Bryce watched Stevenson give Dylan his notes before they were all dismissed – a large stack of papers outlining every issue Dylan needed to change. Seeing his Soulmate with such a heartbroken, distant look about him, Bryce wanted to stand and insist that Prussian blue was the right colour for the website.
He didn’t. Bryce held his tongue and went to work, like any other normal day.
For Dylan, it was an unproductive day. He did about four long lines of coding, corresponding to the font colour on the home page and bringing the ‘Contacts’ tab to the main menu, before ultimately taking a prolonged break, deciding to formulate story ideas on a dream that would never come to fruition. He spent his lunch break in a quiet corner of the office, and the afternoon writing down plot ideas for the short stories.
“Dylan.”
Inhaling loudly, the man in question glanced up to see Bryce standing at the entrance of his cubicle, his bag slung over his shoulder. Dylan rubbed his eyes. “Oh shit. Don’t tell me it’s nine already.”

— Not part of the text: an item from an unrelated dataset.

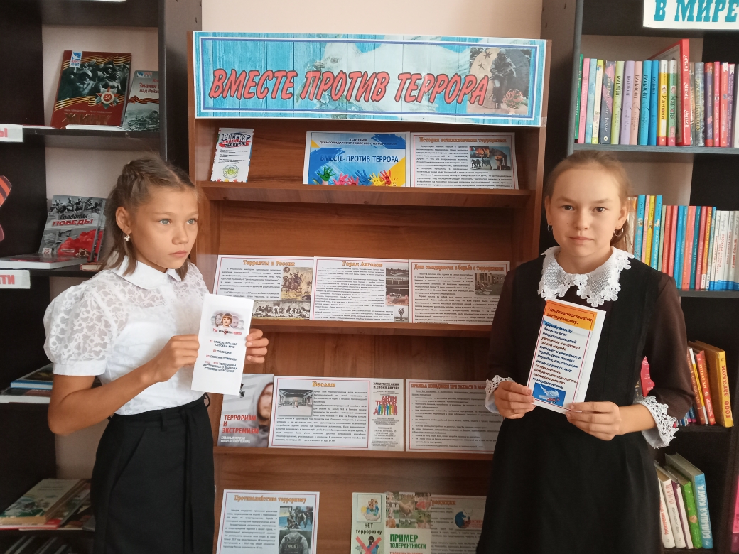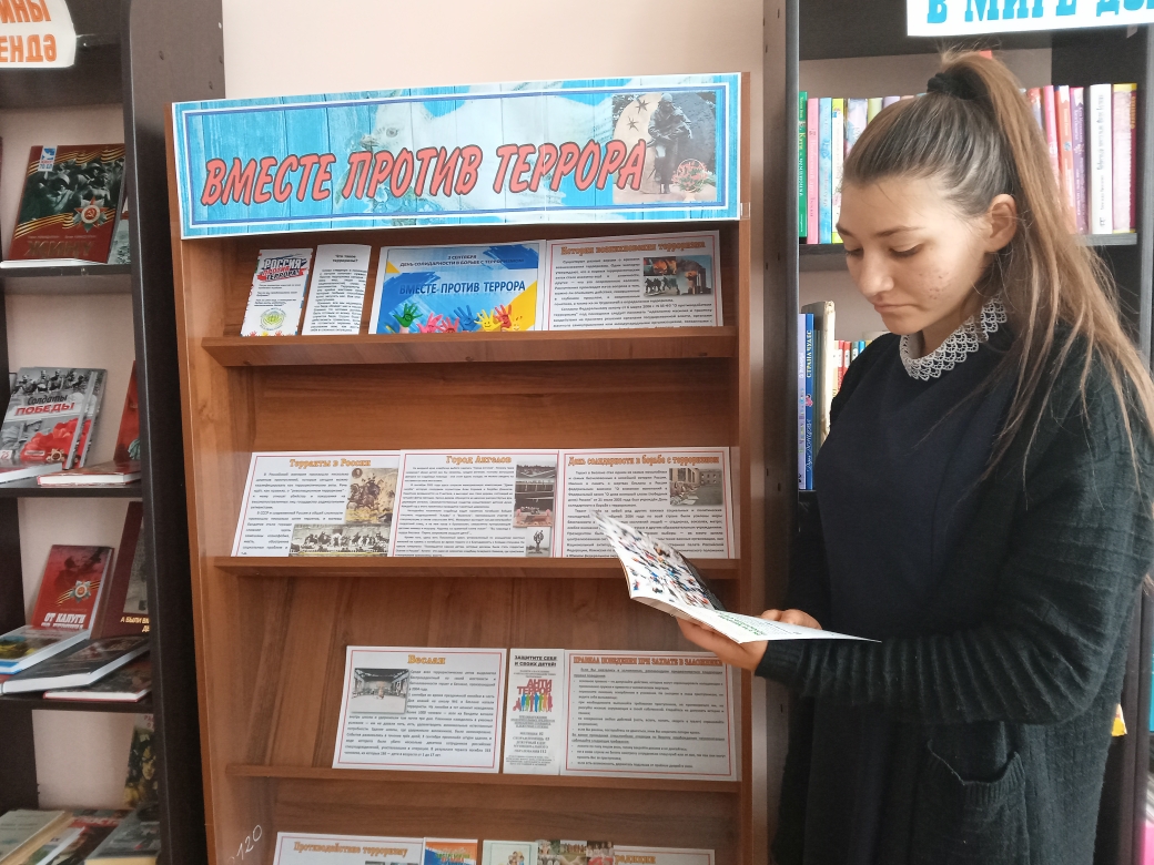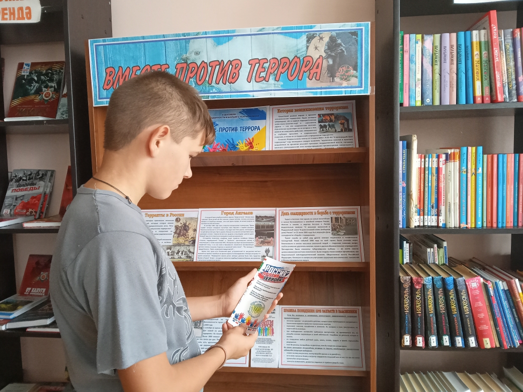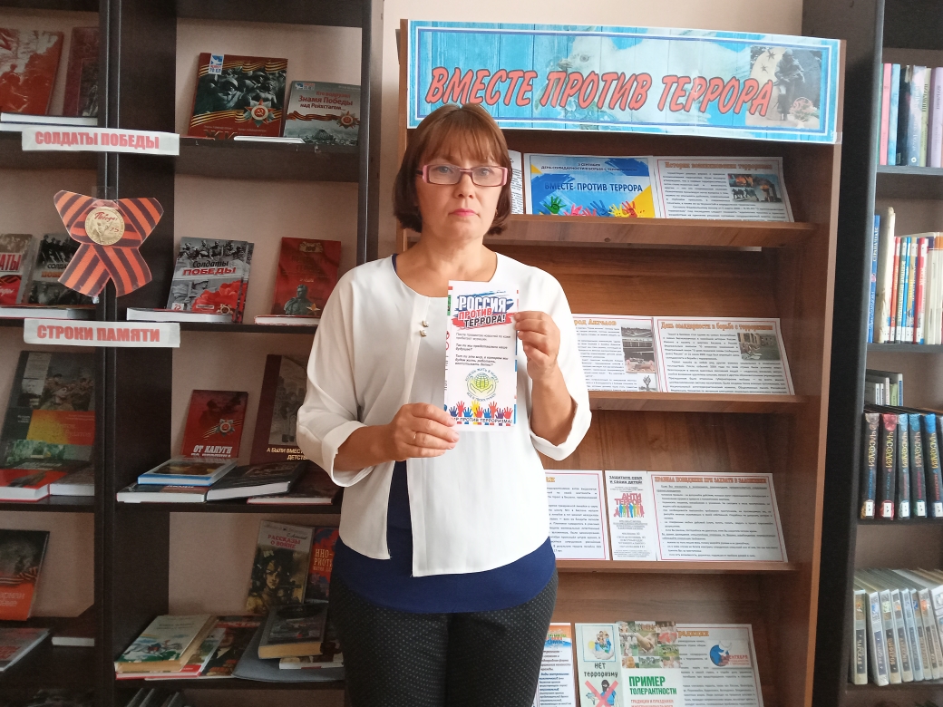 Ежегодно 3 сентября в России отмечается особая дата — День солидарности в борьбе с терроризмом. Эта дата неразрывно связана с трагическими событиями, произошедшими в г. Беслан с 1 по 3 сентября 2004 года. В этот день россияне с горечью вспоминают людей погибших от рук террористов. Чувашско-Елтанская сельская библиотека провела час памяти «Эхо Бесланской трагедии». Методист рассказала о том, что терроризм — это угроза человечеству, это жестокое преступление, которая несет с собой страдание, боль, гибель невинных людей. Особое внимание было уделено страшной трагедии Беслана. Также ребята ознакомились правилами предупреждения и поведения в случае угрозы теракта. К мероприятию была оформлена тематическая информационная выставка «Вместе против террора». В заключении мероприятия ребята получили буклеты «Мир без насилия», «Вместе против террора». Час памяти завершился минутой молчания по погибшим в Беслане.

“It’s actually five o’clock,” Bryce whispered, sliding his bag to the floor. “I was just heading out now.”
Dylan inhaled again and nodded. “Oh. Okay,” he yawned, glancing back to his computer, which showed a black loading screen with a bouncing red, green, blue and yellow cube that was too harsh for his eyes. When he noticed Bryce still present, he looked back and asked, “What do you want?”
“I – ” Bryce ran his fingers along the seams of the plastic cubicle wall edging. “I, I was wondering if you had an answer. F-for me.”
Dylan blinked. “What?”
Bryce’s jaw tensed for a moment. “W-well, you said you’d pick a day.”
“Oh,” he whispered. Pulling out some Post-It notes and a purple Sharpie from his desk drawer, he wrote down the upcoming Thursday evening. Folding it, he offered it to Bryce. “I don’t have anything planned for that day.”
“Uh, do you…” Bryce wiped his face. “…may-maybe you should pick where we go?” asked Bryce. “I don’t…really know…any good ‘first date’ places.”
Dylan’s eyebrows rose in confusion. “I’m going to regret this, but where do you usually take first dates?”
Bryce tapped his fingers against the plastic cubicle edging. “Meeting them in the pub doesn’t count, right?”
Dylan nodded, mentally noting the honesty the nervous Soulmate was exhibiting. He quickly wrote down the name of a French restaurant close to where he lived. “I expect you to arrive punctually.”
“W…” Bryce smiled before he pointed out, “we’ll be working all day.”
Dylan swallowed his spittle. “Then I expect you to remind me at five. We can leave here, then.”
Bryce nodded. “All right. Uh, I’ll…see you Thursday.”
“You’ll see me tomorrow, Bryce.”
Bryce held up finger guns before pursing his lips. He opened his mouth to say something and then proceeded to leave. Dylan brushed his hair out of his eyes and returned to coding, where he accomplished three more lines before finally deciding to call it a night.